### DESCRIPTION OF THE TASK
Word for word, output the data, with none of its pictures.

### COLLECTED DATA
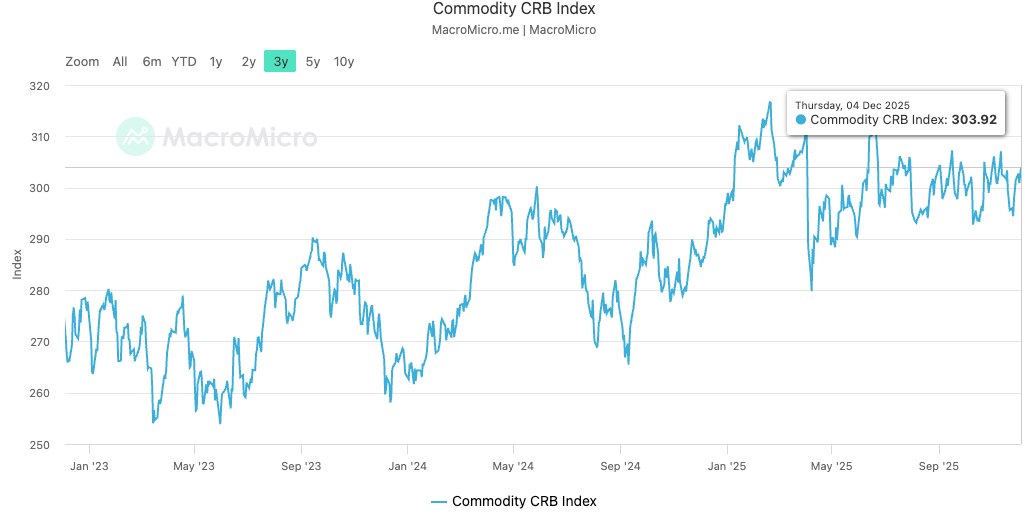 Why it matters: The CRB Index is still holding tight, continuing to show a trend of stability. This remains a good time to lock in pricing with your suppliers and evaluate your inventory on hand.
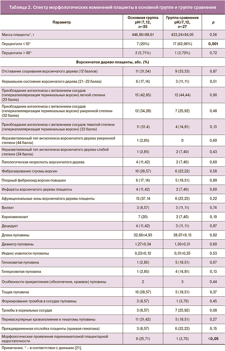 При доношенном сроке беременности после отделения плодных оболочек и пуповины масса плаценты в среднем составляет 470 г. Размеры плацентарного диска составляют в среднем 22×22×1,5–2,5 см [7, 13]. По данным нашего исследования, масса плаценты не коррелировала с состоянием плода и уровнем рН. Напротив, в группе сравнения в 2,4 раза чаще встречалась масса плаценты менее 10 перцентиля. Несмотря на выявленные различия в массе плаценты, морфологические изменения, которые могут быть квалифицированы как плацентарная недостаточность, значимо чаще были выявлены в группе острой гипоксии плода в родах. Полученные нами результаты указывают на то, что масса плаценты не находится в прямой пропорциональной зависимости со степенью кислородного обеспечения. Возможно, что более высокая масса плаценты в группе женщин с гипоксией плода отражает ее компенсаторные изменения в ответ на частичную морфофункциональную неполноценность, которую компенсирует увеличение массы плаценты.
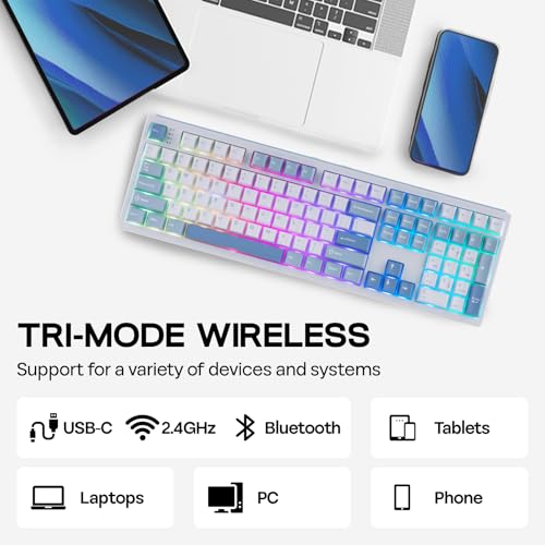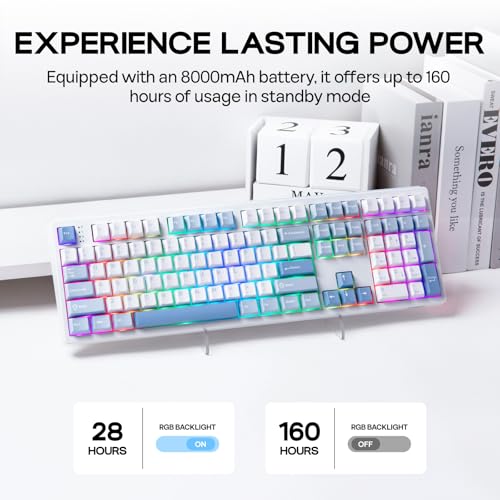Long-Lasting Wireless Keyboard: Liberate your setup with the ultimate freedom of a stable wireless keyboard boasting the outstanding 8000mAh battery. Unlocking a realm of unrestricted movement and sustained performance with this tri-mode wireless keyboard, without frustrating cable drag hindering swift mouse movements, for seamless transition between up to 5 paired devices under cable, 2.4Ghz and Bluetooth modes. PC, Mac laptop, Android tablet or gaming console, whichever devices you game on, the 160-hour wire-free battery life make inconvenient mid-game recharge a worry in the past.

### WRITTEN RESPONSE
 Why it matters: The CRB Index is still holding tight, continuing to show a trend of stability. This remains a good time to lock in pricing with your suppliers and evaluate your inventory on hand.
 При доношенном сроке беременности после отделения плодных оболочек и пуповины масса плаценты в среднем составляет 470 г. Размеры плацентарного диска составляют в среднем 22×22×1,5–2,5 см [7, 13]. По данным нашего исследования, масса плаценты не коррелировала с состоянием плода и уровнем рН. Напротив, в группе сравнения в 2,4 раза чаще встречалась масса плаценты менее 10 перцентиля. Несмотря на выявленные различия в массе плаценты, морфологические изменения, которые могут быть квалифицированы как плацентарная недостаточность, значимо чаще были выявлены в группе острой гипоксии плода в родах. Полученные нами результаты указывают на то, что масса плаценты не находится в прямой пропорциональной зависимости со степенью кислородного обеспечения. Возможно, что более высокая масса плаценты в группе женщин с гипоксией плода отражает ее компенсаторные изменения в ответ на частичную морфофункциональную неполноценность, которую компенсирует увеличение массы плаценты.
Long-Lasting Wireless Keyboard: Liberate your setup with the ultimate freedom of a stable wireless keyboard boasting the outstanding 8000mAh battery. Unlocking a realm of unrestricted movement and sustained performance with this tri-mode wireless keyboard, without frustrating cable drag hindering swift mouse movements, for seamless transition between up to 5 paired devices under cable, 2.4Ghz and Bluetooth modes. PC, Mac laptop, Android tablet or gaming console, whichever devices you game on, the 160-hour wire-free battery life make inconvenient mid-game recharge a worry in the past.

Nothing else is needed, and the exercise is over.